There are diplomatic missteps — and then there are acts of willful historical malpractice. Newly installed U.S. ambassador to Poland Thomas Rose did not merely err in Warsaw; he presumed the authority to rewrite history. His remarks were historically indefensible, morally reckless and — if spoken in ignorance — evidence of unfitness. If spoken knowingly, they were a calculated betrayal.
Speaking before an international gathering of Jewish jurists, Rose declared that Polish complicity in the Holocaust was “a grotesque falsehood” and “the equivalent of a blood libel.” The term “blood libel” refers to an antisemitic conspiracy once used to justify violence against Jews. To deploy it against historians and survivors defending documented truth is not only perverse — it is morally inverted.
No credible scholar disputes that Nazi Germany engineered the Holocaust. Yet historians and survivor testimony have long established that thousands of Poles aided German persecution — including in episodes that predated formal occupation. The renowned historian and sociologist Jan T. Gross detailed the 1941 Jedwabne massacre. The 1946 Kielce pogrom is part of the postwar record. Truth is not elusive — only the willingness to acknowledge it.
It is also true that more than 6,700 Poles are honored by Yad Vashem as “Righteous Among the Nations” for risking their lives to save Jews. But honoring courage requires confronting complicity. One cannot exist without the other.
And here lies the crux: Thomas Rose is not a historian, nor is he a scholar of European history — he’s not even a career diplomat. His background is political. He spent years as a conservative commentator and served as senior adviser to former Vice President Mike Pence. In his own confirmation hearing, he conceded pointedly, “I’m not a career diplomat.” Yet, as ambassador, he chose to pronounce sweeping moral judgment on Holocaust history — with the confidence of someone untroubled by the limits of his expertise.
Rose’s remarks echo the Polish Law and Justice Party’s ongoing revisionist effort. Just days before his speech, officials pressed Yad Vashem to amend phrasing about wartime restrictions on Jews from “in Poland” to “in German-occupied Poland.” The nuance was never contested by scholars; the objection revealed not a quest for accuracy, but for absolution. Rose furnished U.S. endorsement to that impulse.
We have seen this before. In 2018, the United States opposed Poland’s law criminalizing any references to complicity. That bipartisan position reflected the principle that discomfort does not justify erasure. Rose discarded that standard, recasting historical accountability as defamation to curry political favor.
Poland need not bear collective guilt. But it must accept complexity. Mature nations confront their past; insecure ones rewrite it. Diplomats serve truth — not ideological convenience.
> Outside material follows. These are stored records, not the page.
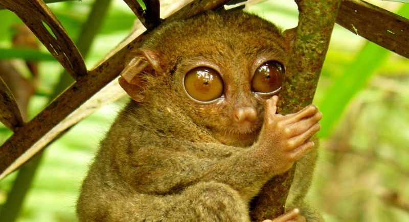 A tarsier’s face is mostly defined by its large eyes. Each eyeball is nearly the same size as its brain and cannot move within the socket. Instead of shifting its eyes, the tarsier turns its head to change its field of view. This ability helps it track insects and other small prey while hunting at night in Southeast Asian forests.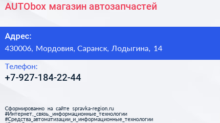 AUTObox, магазин автозапчастей по адресу 430006, Мордовия, Саранск, Лодыгина, 14 в дальнейшем Организация, размещена в следующих категориях: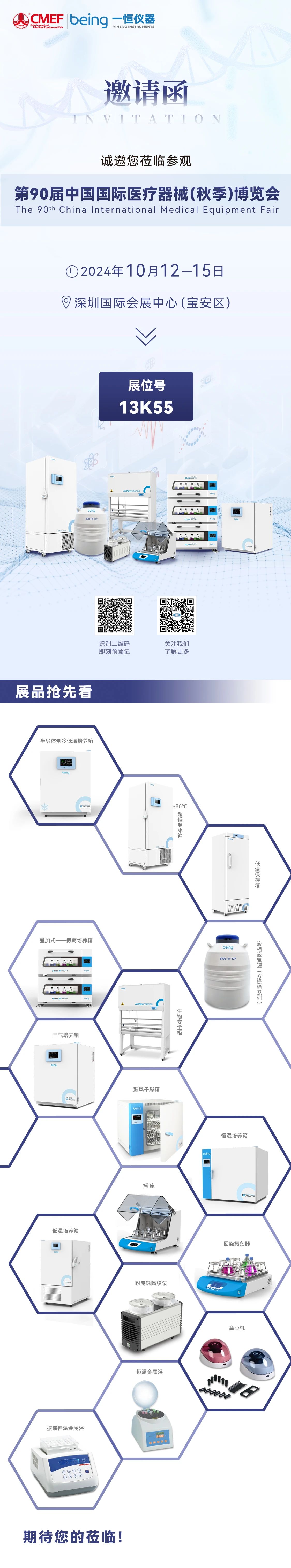 2024-09-27 | 文章來源: | 點(diǎn)擊率: 第90屆中國國際醫(yī)療器械(秋季)博覽會(huì)(CMEF)將于2024年10月12日至15日在深圳國際會(huì)展中心(寶安區(qū))盛大召開。一恒儀器將攜多款明星產(chǎn)品和新一代半導(dǎo)體系列設(shè)備閃耀亮相,展位:13K55,誠邀您一起領(lǐng)略創(chuàng)新產(chǎn)品魅力,期待您的蒞臨和交流!

Resolution now demands clarity, not appeasement. The U.S. State Department must publicly correct the record and reaffirm America’s commitment to historical accuracy. Jewish leaders, historians and policymakers must respond not with outrage but with insistence — fortified by evidence and moral authority.
Rose claimed his remarks would “start a conversation.” What they revealed instead is a willingness to trade integrity for expediency. The real conversation — and a necessary one — is whether someone so careless with history should be trusted to speak for the United States at all.